Decidí no insistir. Salimos juntos, caminando hasta el parque. El aire era fresco, los árboles verdes. Mateo caminaba unos pasos delante de mí, las manos en los bolsillos. Llegamos al parque y se sentó en un banco, mirando a los niños que jugaban.
—¿Quieres jugar? —pregunté.
Negó con la cabeza.
Me senté a su lado, observando el campo de fútbol. Recordé las tardes en que su padre lo llevaba a jugar, cómo reían juntos, cómo Mateo corría detrás del balón, cómo yo los miraba desde lejos, feliz.
—Te extraño, Mateo —dije, sin esperar respuesta.
Él siguió mirando el campo, sin decir nada.
V. Las cartas
Empecé a escribirle cartas. No sabía si las leería, pero necesitaba decirle todo lo que sentía. Le conté cómo me sentía cuando él no me hablaba, cómo me dolía verlo triste, cómo deseaba que pudiéramos volver a ser una familia.
Dejé las cartas en su mesa de noche, una cada semana.
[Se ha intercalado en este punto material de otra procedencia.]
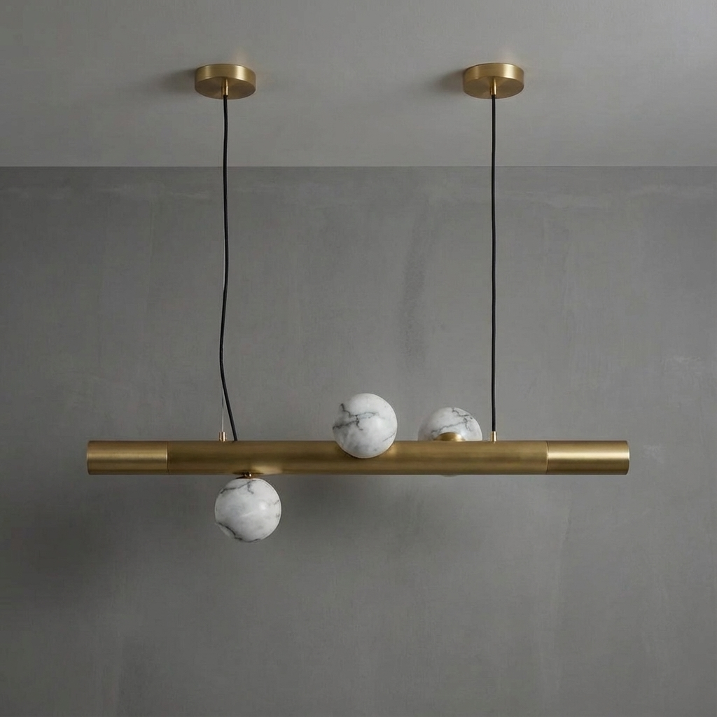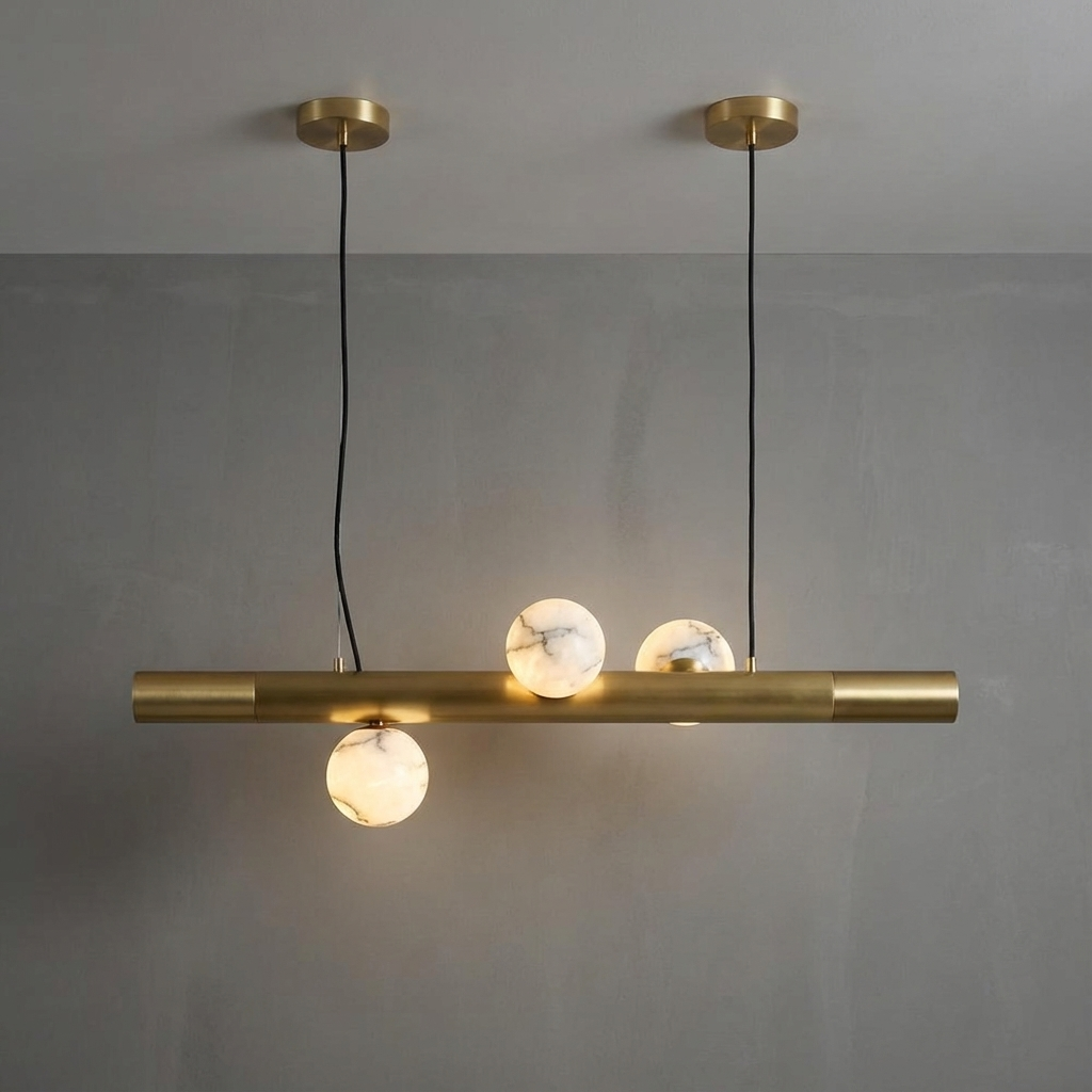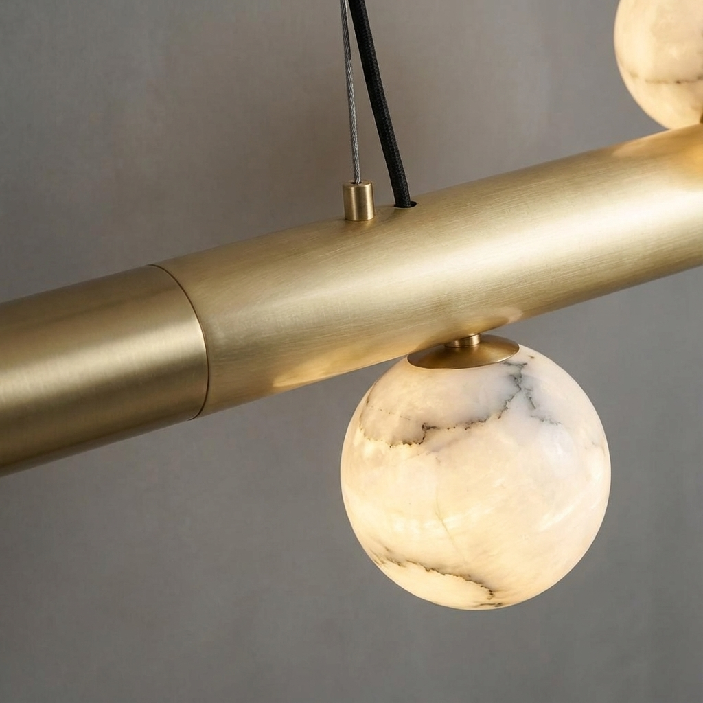 A study in quiet luxury, this pendant light features a smooth alabaster shade with subtle, natural veining reminiscent of fine stone. When illuminated, the alabaster casts a warm, diffused glow directed downward, creating an inviting ambience over kitchen islands, dining tables, or in thoughtfully grouped installations. Its straightforward silhouette and restrained detailing lend a refined, contemporary character that complements a wide range of interiors. The elongated composition is ideal for open-plan kitchens and dining spaces where a single, balanced gesture of light is desired, while the carefully considered mounting details allow the piece to appear light, effortless, and elegantly poised once installed.

Algunas desaparecían, otras quedaban allí sin abrir.
Una tarde, después de la escuela, encontré una carta en mi escritorio. Era de Mateo.
“Quiero irme con mi papá. No quiero estar aquí. No quiero hablar contigo. Extraño a mi papá. No quiero que me sigas hablando de él.”
Me senté en mi escritorio, leyendo la carta una y otra vez. Lloré. No sabía qué hacer.
VI. El encuentro
Un día, recibí una llamada de la escuela. Mateo se había peleado con un compañero. Fui a buscarlo. Lo encontré sentado en la dirección, la cabeza baja.
—¿Qué pasó? —pregunté.
—Nada —respondió, sin mirarme.
La directora me explicó que Mateo había empujado a otro niño porque le dijo que su papá no lo quería.
—¿Eso es cierto? —me preguntó la directora.
—Su papá se fue hace seis meses —respondí.
Mateo levantó la cabeza y me miró, con los ojos llenos de lágrimas.
—¿Por qué se fue? —preguntó.
No supe qué decir. Me arrodillé a su lado, tomándole la mano.
—A veces los adultos toman decisiones que los niños no entienden. Pero no es tu culpa, Mateo. Tú no hiciste nada malo.
Mateo lloró, finalmente, después de meses de silencio. Lo abracé, sintiendo que por fin una grieta se abría en el muro entre nosotros.